Originally developed for biomedical applications and diagnosis, optical coherence tomography (OCT) has recently been demonstrated to be a powerful non-destructive and non-invasive measurement method for detecting defects in glass-fiber reinforced polymer composites. While previous studies have focused mainly on the use of OCT in the analysis of thermoset composites, we were able to show in offline experiments that OCT can be used to quickly detect typical defects (e.g., dry fiber regions, gaps and fiber breakage) in thermoplastic unidirectional (UD) tapes at high resolution. To investigate the applicability of OCT to inline monitoring, we advanced our previously published approach in two major steps: First, we incorporated the OCT system into an industrial-scale UD-tape production line, and derived optimal settings for inline detection of dry region defects from a comprehensive design of experiments (DoE) to find an optimal balance between accuracy and data size for a stationary tape sample by varying A-scan sampling rate, A-scan averaging and OCT transverse travel velocity. Second, using these optimal settings, we went on to investigate moving tapes over a range of industrially relevant take-off speeds. Microscopy was used for validation in both cases. We developed a fast and robust statistical analysis of B-scans that visualizes the quality of full cross-sections in an interpretable manner for potential use in a real-time setting. Within an industrially relevant production speed range of up to 15 m/min, we are thus now able to investigate 120 mm wide (and potentially wider) UD tapes inline at a transverse resolution of 22 µm, producing only 21 MB of data per measurement.
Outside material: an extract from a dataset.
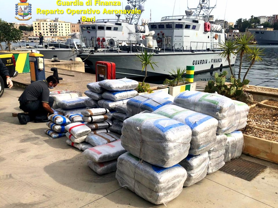 In particolare, a seguito di segnalazione di un aereo impiegato dalla Marina Militare in attività di pattugliamento del mare adriatico, un’unità navale del Reparto Operativo Aeronavale di Bari – Sezione Operativa Navale di Brindisi, impiegata in compiti di Polizia del Mare, ha localizzato e, dopo un breve inseguimento, fermato un’imbarcazione a poche miglia dalla costa. La tipologia del mezzo e l’insolita posizione, da subito hanno insospettito i finanzieri che saliti a bordo hanno rinvenuto, occultati in un sottofondo, numerosi involucri cellophanati di varie dimensioni per un totale di 546 kg. di marijuana e 17 kg di hashish che al mercato clandestino avrebbero fruttato oltre 5 milioni di euro.

将光学相干断层扫描技术应用于单向玻璃纤维增强热塑性塑料胶带的在线质量监测
光学相干断层扫描(OCT)最初是为生物医学应用和诊断而开发的,最近已被证明是一种强大的非破坏性和非侵入性测量方法,可用于检测玻璃纤维增强聚合物复合材料中的缺陷。虽然以前的研究主要集中在使用 OCT 分析热固性复合材料,但我们能够在离线实验中显示,OCT 可以用于以高分辨率快速检测热塑性单向 (UD) 胶带中的典型缺陷(如干纤维区域、间隙和纤维断裂)。为了研究 OCT 对在线监测的适用性,我们通过两个主要步骤推进了之前发布的方法:首先,我们将 OCT 系统集成到工业规模的 UD 胶带生产线中,并通过综合实验设计 (DoE) 得出了在线检测干区缺陷的最佳设置,通过改变 A 扫描采样率、A 扫描平均值和 OCT 横向移动速度,找到静态胶带样本的精度和数据量之间的最佳平衡。其次,利用这些最佳设置,我们继续研究了在一系列工业相关起飞速度下的移动磁带。在这两种情况下都使用了显微镜进行验证。我们开发了一种快速、稳健的 B 扫描统计分析方法,以可解释的方式直观显示全横截面的质量,可用于实时环境。因此,在最高 15 米/分钟的工业相关生产速度范围内,我们现在能够以 22 微米的横向分辨率在线检测 120 毫米宽(甚至可能更宽)的 UD 带,每次测量仅产生 21 MB 的数据。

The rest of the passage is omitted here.